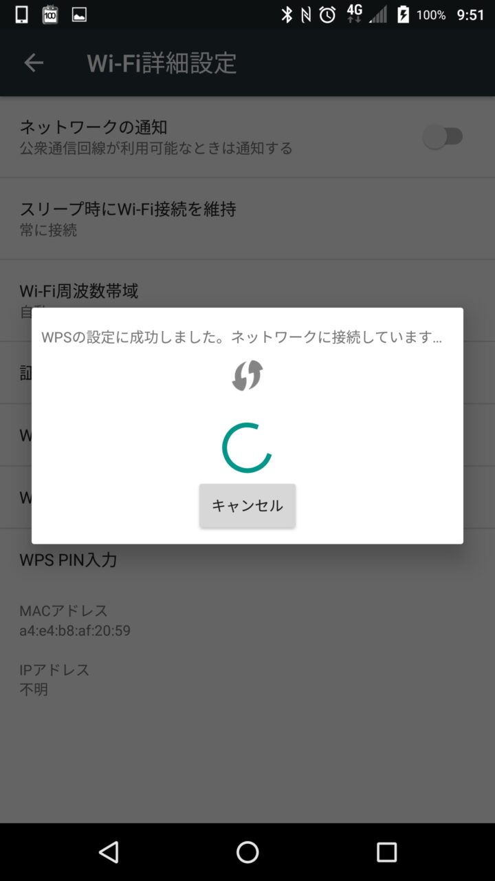 接続が開始され “WPS の設定に成功しました” と表示されれば完了です。以後 WPS で接続した Wi-Fi ルーターとは自動で接続されるようになるので、新たな操作は不要です。
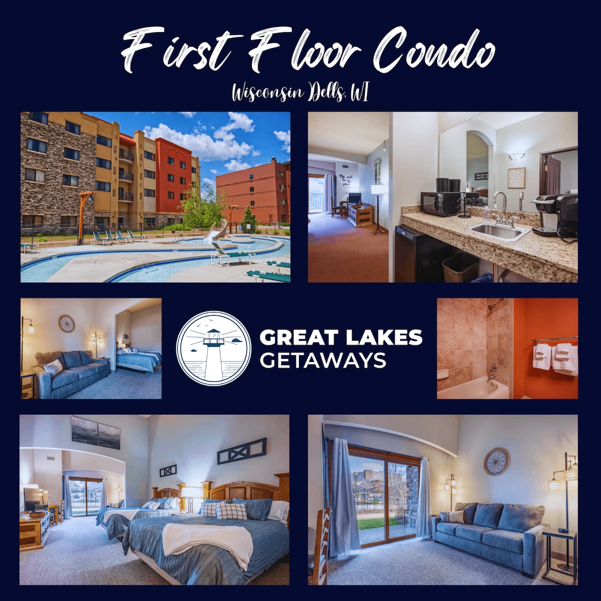 * ** PASES PARA PARQUES ACUÁTICOS INCLUIDOS El condominio tiene capacidad para 8 personas cómodamente. Se permiten 10 huéspedes según las pautas de seguridad contra incendios, no se proporcionarán arreglos para dormir para los últimos 2 de 10 huéspedes, trae tu propio colchón inflable, sacos de dormir, etc. ¡Bienvenido a tu escapada perfecta! Este espacioso condominio de 2 dormitorios y 2 baños se encuentra en el hermoso Wisconsin Dells, que ofrece comodidad y comodidad para tu familia o grupo.
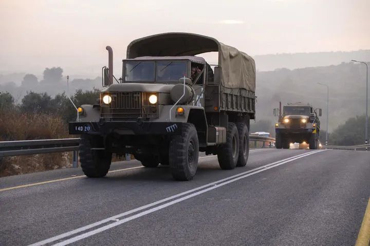 10月8日,以色列军用车辆在北部靠近黎巴嫩边境区域的道路上行驶。新华社发(阿亚尔·马戈林摄/基尼图片社)
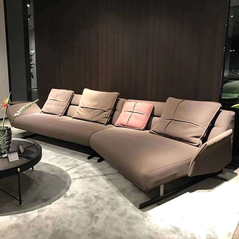 イタリアンミニマリズムのリビングルーム用ユニークデザイン本革ソファ|デザイナーセレクションのダウン入りビッグコーナーソファ、ブダペストスタイルで贅沢なくつろぎを。
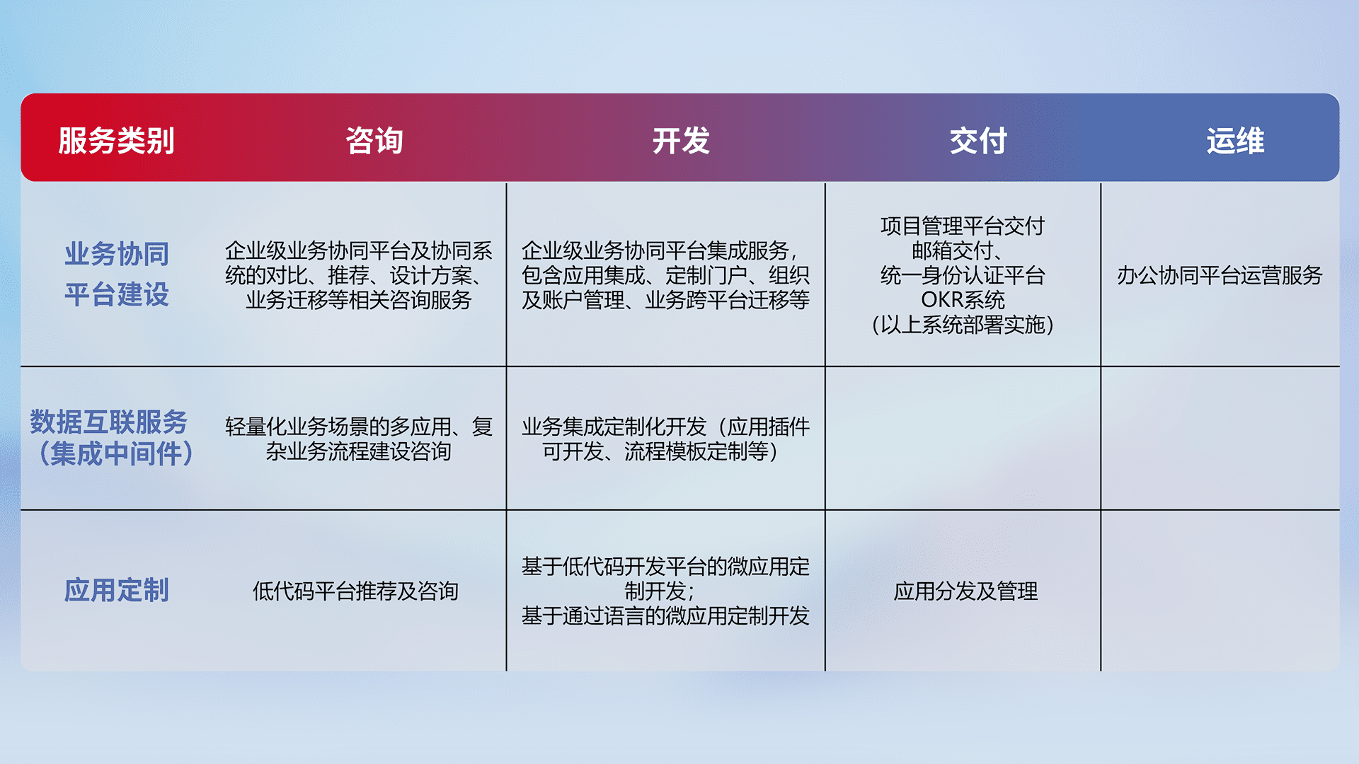 针对钉钉、、、企微、、、、IDaas等平台级产品提供产品的规划、、方案、、交付、、、、定制化开发等服务,,实现如统一协同办公、、智能客户服务、、、、混合会议管理、、智能数据查询、、、、等业务场景,,,,实现数字化转型。。。
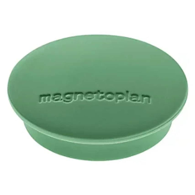 DISCOFIX JUNIOR magnet, 34 mm, pack of 60, green. Supplied = assembled. Diameter = 34 mm. Colour = green. Adhesive force = 1.3 kg. Shape = round. Feature = magnetic. Height = 9 mm. Product type = round magnets. Equipped with a full ferrite core, giving them a particularly high adhesive force. A wider edge makes the magnets easy to detach from the surface. High quality adhesive guarantees a strong bond with the plastic caps on the magnets. Specially coated bottom side prevents boards from being scratched. Magnets are practical items to have. They help keeping things organised and clearly laid out in the office, workshop, administrative departments, schools and households - wherever ferrous surfaces are available, e.g. steel walls, steel furniture, refrigerators etc. Magnets can be used to securely attach drawings, photos, letters, plans and similar items without damaging the surface.
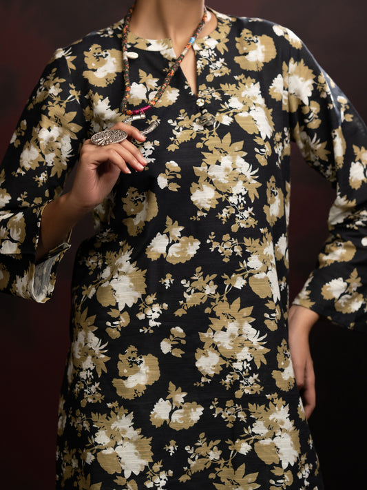Black Slub Khaddar 2Pc Stitched - AL-2PS-LKS-1095

WHAT IS NEEDED: Without the pictures, retype exactly the lines from the one that holds "DISCOFIX JUNIOR magnet, 34" to the last line of the data above, both of them included.

COMPLETED EXERCISE:
 DISCOFIX JUNIOR magnet, 34 mm, pack of 60, green. Supplied = assembled. Diameter = 34 mm. Colour = green. Adhesive force = 1.3 kg. Shape = round. Feature = magnetic. Height = 9 mm. Product type = round magnets. Equipped with a full ferrite core, giving them a particularly high adhesive force. A wider edge makes the magnets easy to detach from the surface. High quality adhesive guarantees a strong bond with the plastic caps on the magnets. Specially coated bottom side prevents boards from being scratched. Magnets are practical items to have. They help keeping things organised and clearly laid out in the office, workshop, administrative departments, schools and households - wherever ferrous surfaces are available, e.g. steel walls, steel furniture, refrigerators etc. Magnets can be used to securely attach drawings, photos, letters, plans and similar items without damaging the surface.
Black Slub Khaddar 2Pc Stitched - AL-2PS-LKS-1095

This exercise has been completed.